▶ [Data for analysis]
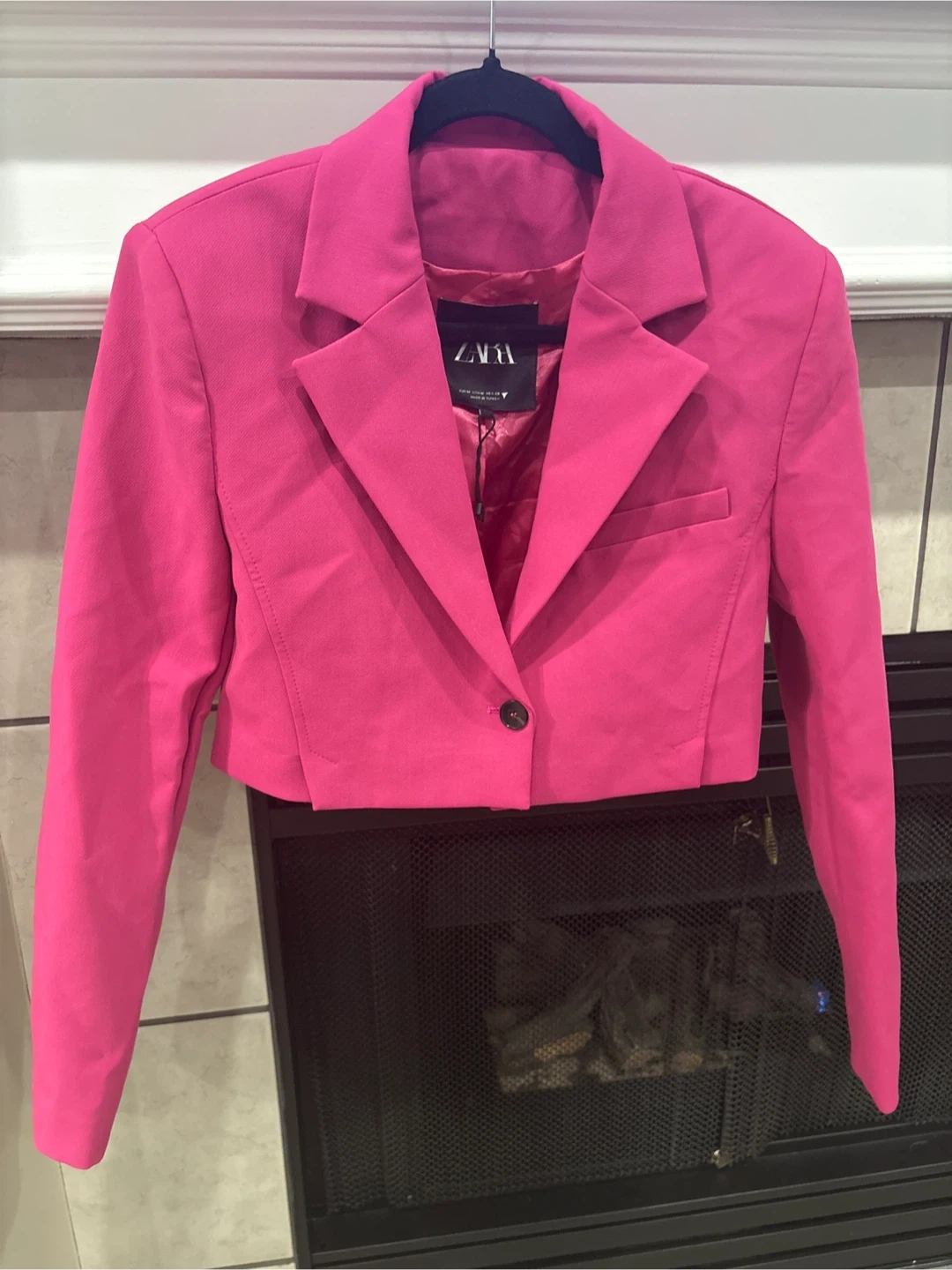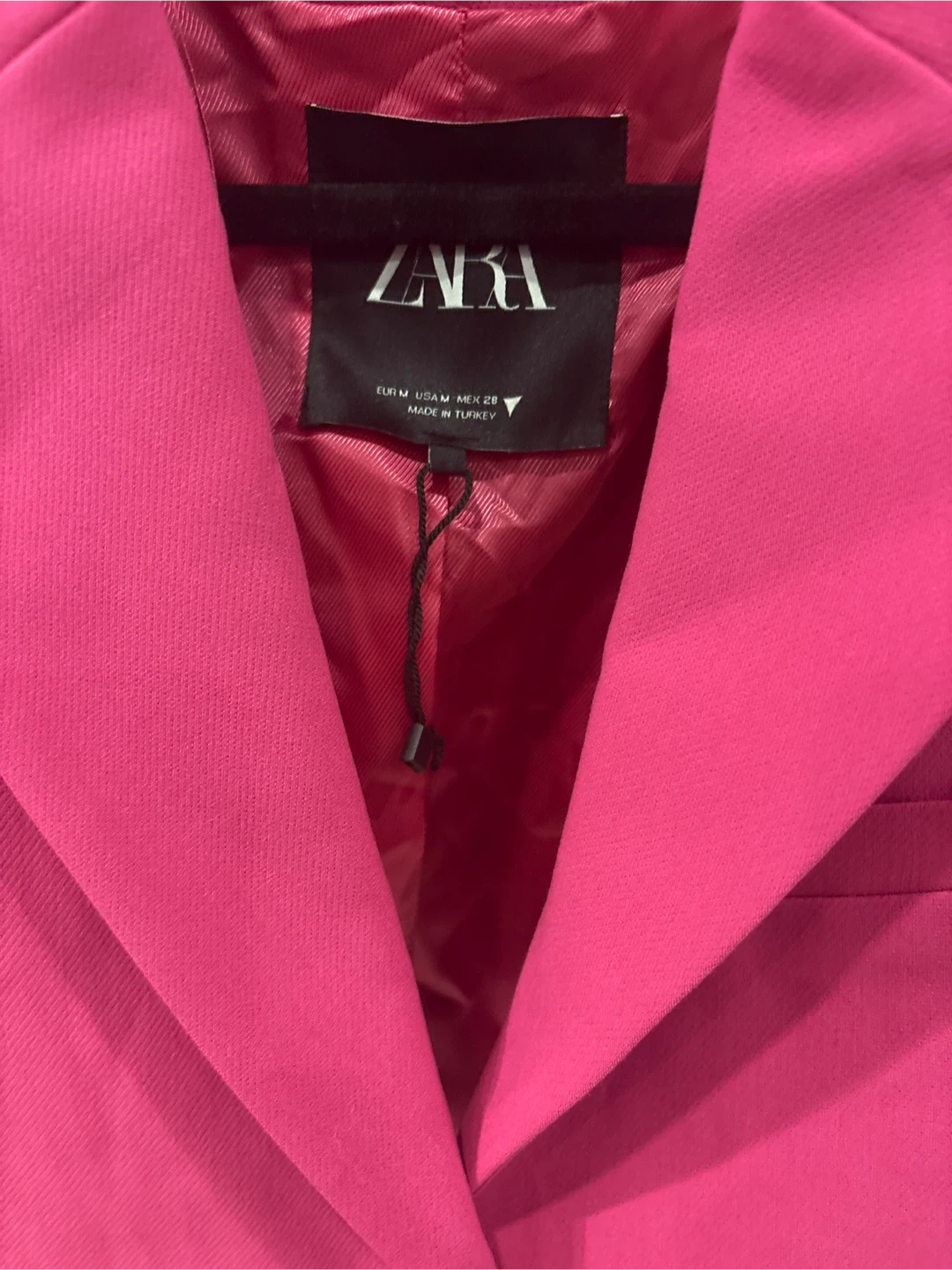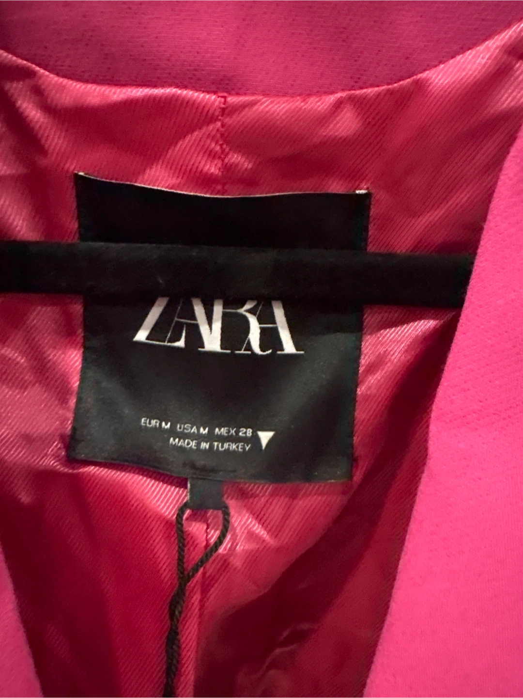 A stylish Zara cropped blazer in a vibrant pink colour. It's a size medium, with EUR M, USA M, MEX 28 sizing indicated on the tag. Made in Turkey. This blazer is perfect for adding a pop of colour to any outfit, whether dressing up or down! New Wiht out tag size Medium
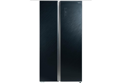 Холодильник Side-by-side с текстурированным черным стеклом • система Full No Frost • Dual Inverter: инверторные компрессор и вентилятор • дисплей на двери • система распределения воздушных потоков MultiFlow • класс энергоэффективности А++ • деодорирующий фильтр Nano Ag+ • габариты 178,5x91,3x67см • объем 541/343/198л
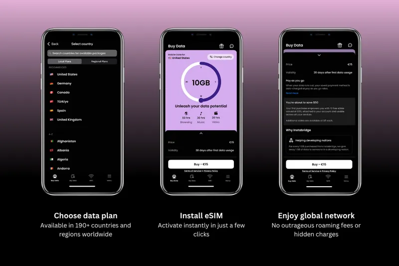 Instabridge offers a range of local, regional, and global eSIM plans designed to keep you connected during your travels. Instabridge plans provide data packages ranging from 1 GB to 20 GB, with durations from 7 to 30 days. The prices start as low as $2.50 for popular options like eSIM for Canada, France, and others.
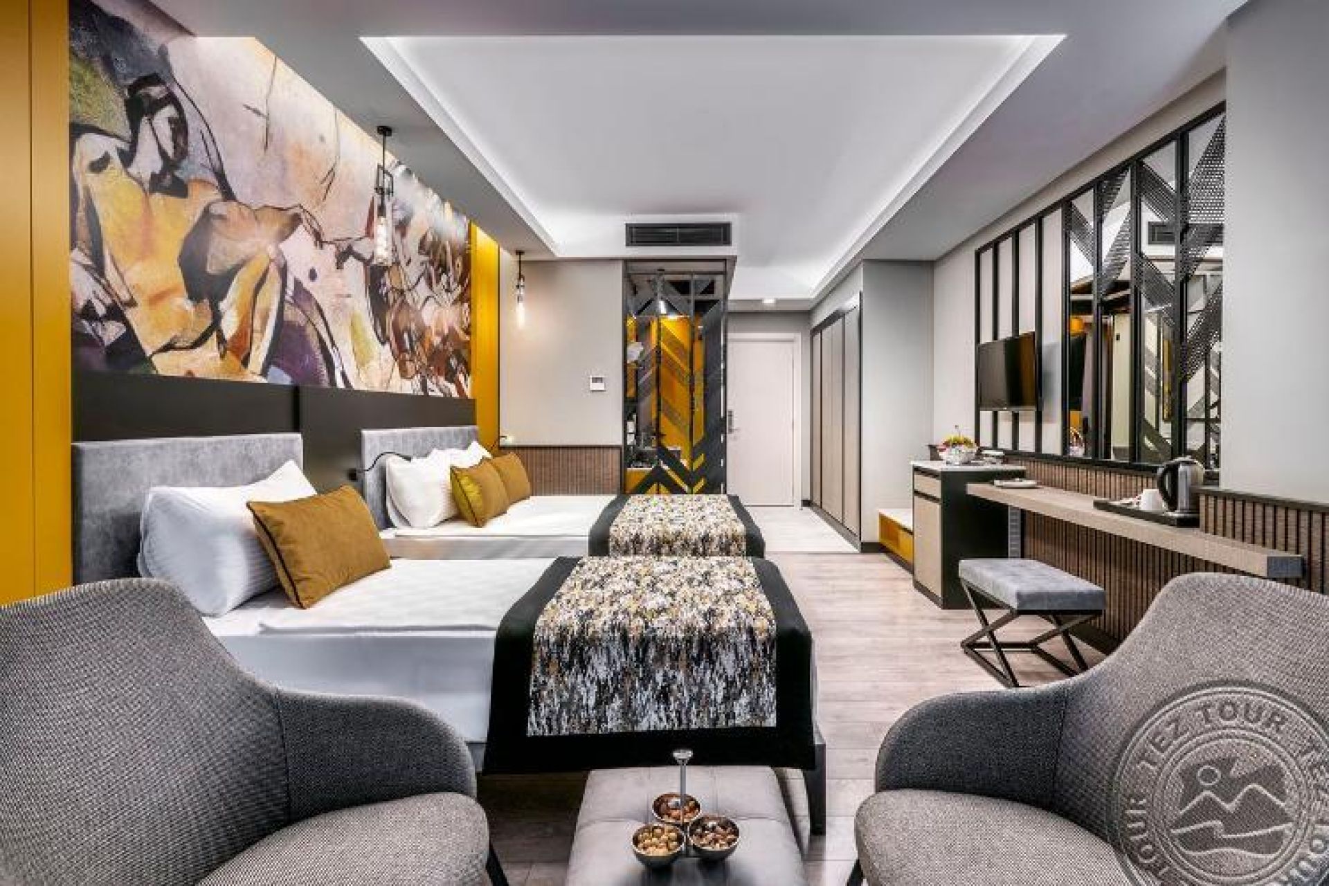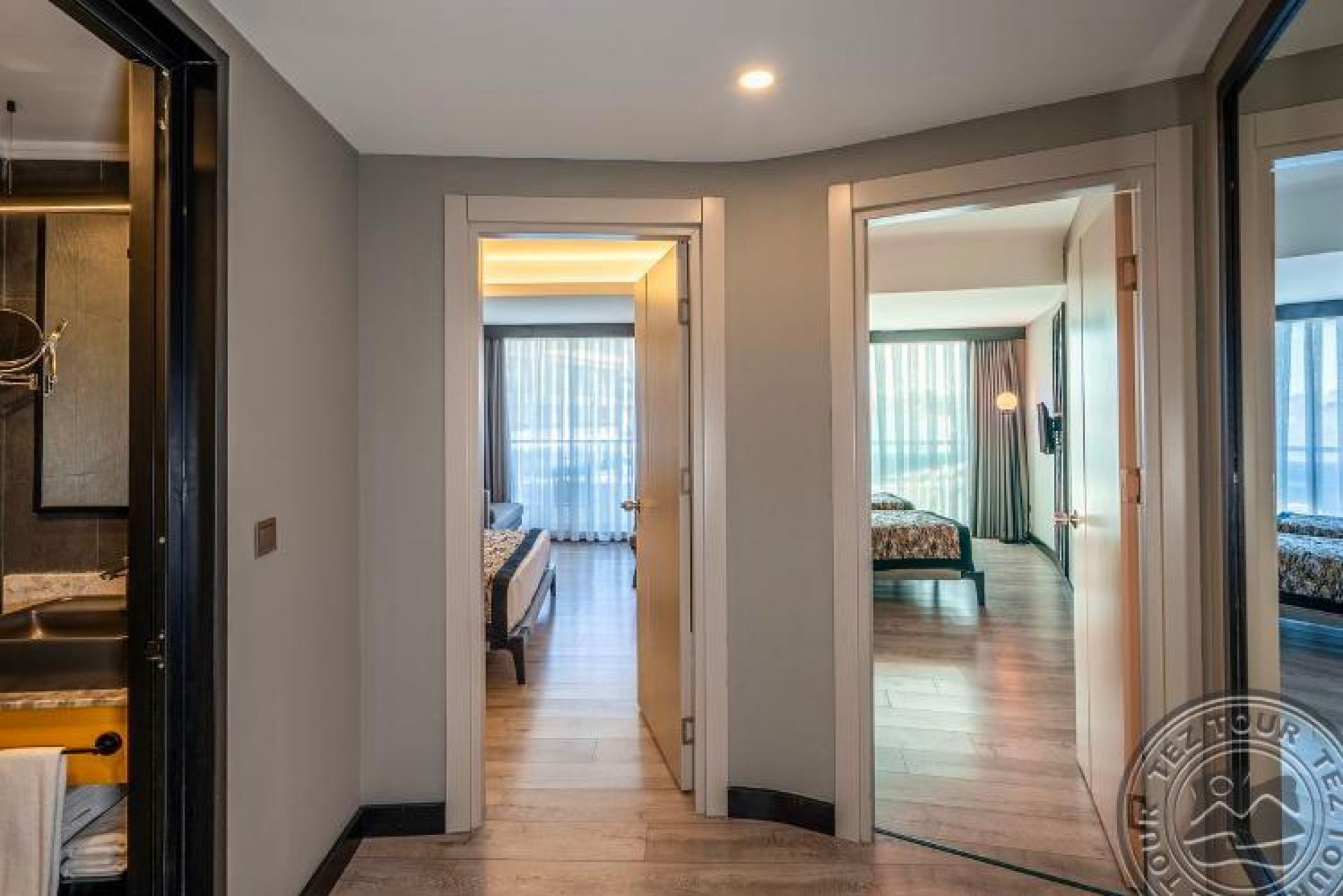 50 двустайни family rooms (2 спални с врата, макс. 4 души, 56 м2).
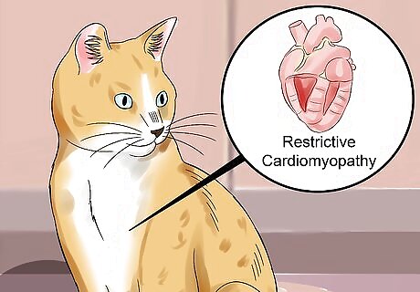 Understand the causes of cardiomyopathy. There are several reasons why a cat might develop disease of the heart muscle. These include: Genetic predisposition: Certain breeds (especially the Main Coon) get heart disease more often, which is then passed down from parent to kitten when they have babies. Underlying disease: Conditions such as overactive thyroid glands, acromegaly (too much growth hormone), or high blood pressure place extra strain on the heart and can push it into developing cardiomyopathy. Dietary deficiency: A lack of taurine, a type of amino acid, in the cat's diet can affect its heart. However, most cats eating high-quality commercial cat food should not have this deficiency. This deficiency causes the heart to lose elasticity, which is known as dilated cardiomyopathy. Spreading Disease: A spreading disease, such as lymphoma (blood cancer), can get in to the heart muscle and cause it to have a hard time functioning correctly.
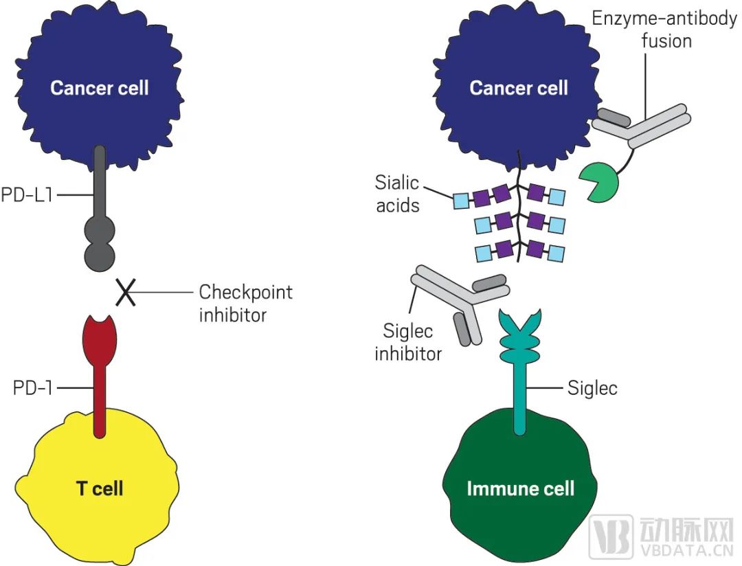 在肿瘤微环境中,肿瘤的唾液酸化有助于建立免疫抑制环境,并通过参与肿瘤浸润免疫细胞上表达的免疫调节性免疫球蛋白样凝集素(Siglec受体)来抑制抗肿瘤免疫反应。Palleon采取的糖免疫检查点轴——唾液酸聚糖-Siglec轴是一种新的免疫检查点,可以作为靶点来驱动先天性和适应性抗肿瘤免疫。
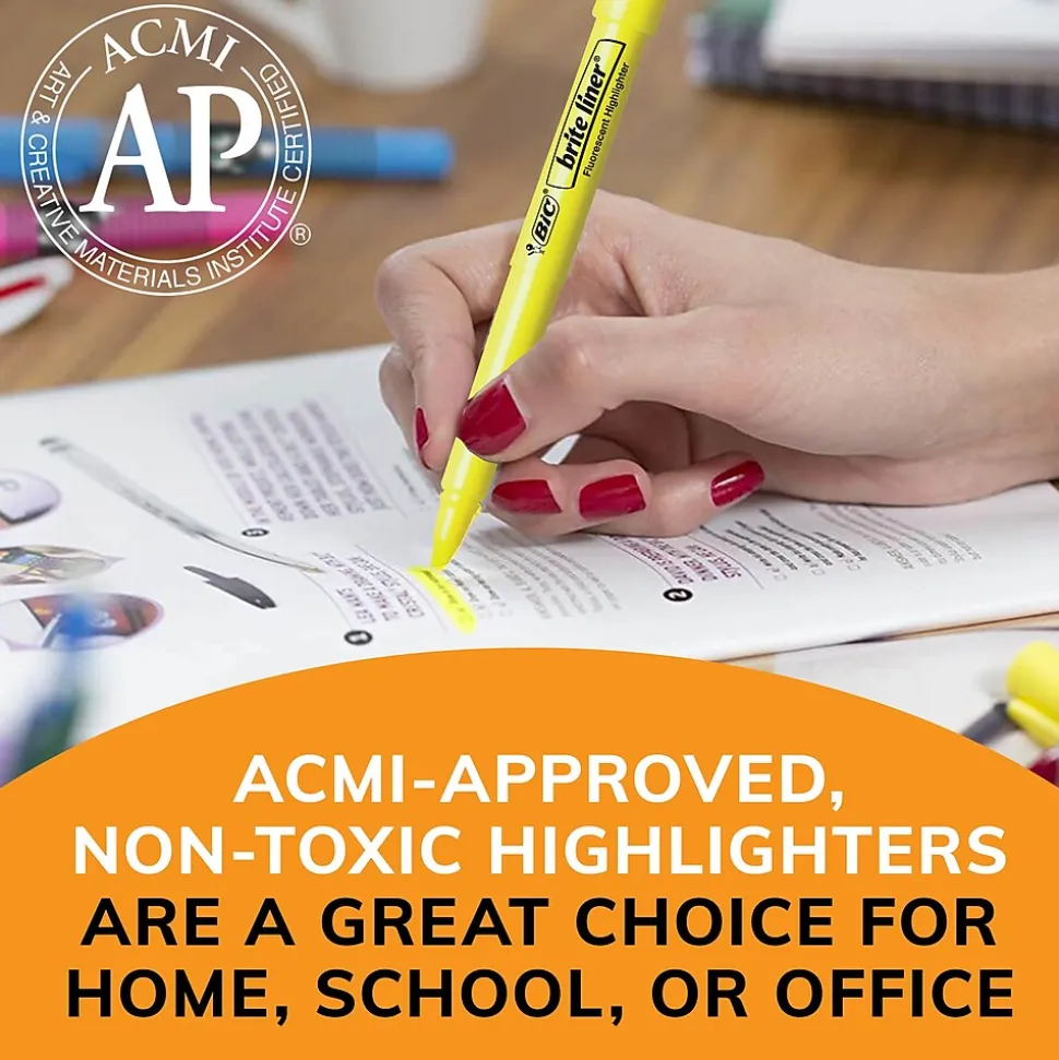 Whether you’re organizing your notes or underlining passages in a textbook, BIC Brite Liner Highlighters make highlighting fun and easy. These highlighters come in five highly visible, fluorescent colors, like our iconic yellow highlighters, allowing you to easily color-code and emphasize information. Each highlighter has a versatile, firm chisel tip that allows you to seamlessly switch between broad highlighting and precise underlining. BIC Brite Liner Highlighters can be left uncapped for up to eight hours without drying out. And thanks to their convenient pen-shaped design, these fluorescent highlighters are easy to grip and use.
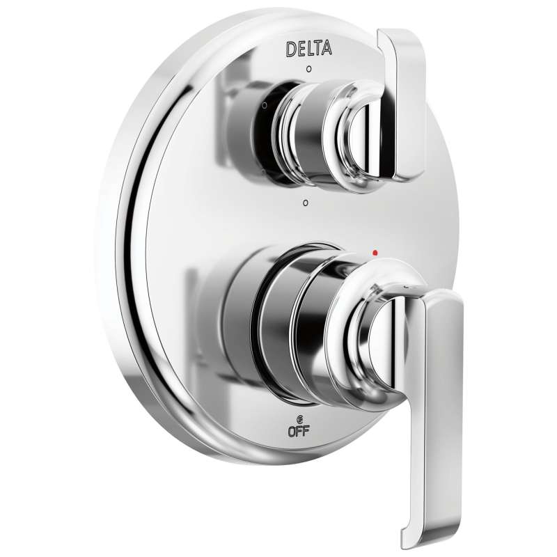 Familiar geometries and subtle curves in the tetra bath collection combine to bring a sleek, architectural look and feel to the bath. Familiar geometries and subtle curves in the tetra bath collection combine to bring a sleek, architectural look and feel to the bath. Delta showers with monitor pressure-balance valves are engineered to make sure you don't experience a sudden and possibly unsafe change in water temperature as a result of running water elsewhere, such as using a dishwasher, flushing a toilet or running a washing machine. Delta lumicoat finishes are guaranteed to resist water spots and mineral buildup and easily wipe clean without the need for cleaners or chemicals. The ultra-sleek surface repels liquids, resisting water spots and staying cleaner longer, so your faucet’s most commonly touched areas stay beautiful. By integrating separate controls on one trim with the multichoice integrated shower diverter, we've streamlined installation and your shower style. You can install with confidence, knowing delta products are backed by our lifetime limited warranty.
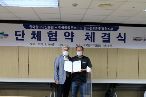 한국한의약진흥원은 10일 민주노총 전국공공운수사회서비스노조 한국한의약진흥원지부와 노사 상생협력을 위한 단체협약을 체결했다고 밝혔다.

▶ [What is required]
Copy word for word the lines above, starting at the line containing "Instabridge offers a" and ending at the line containing "50 двустайни family", inclusive, with no pictures.

▶ [Answer for this exercise]
 Instabridge offers a range of local, regional, and global eSIM plans designed to keep you connected during your travels. Instabridge plans provide data packages ranging from 1 GB to 20 GB, with durations from 7 to 30 days. The prices start as low as $2.50 for popular options like eSIM for Canada, France, and others.
 50 двустайни family rooms (2 спални с врата, макс. 4 души, 56 м2).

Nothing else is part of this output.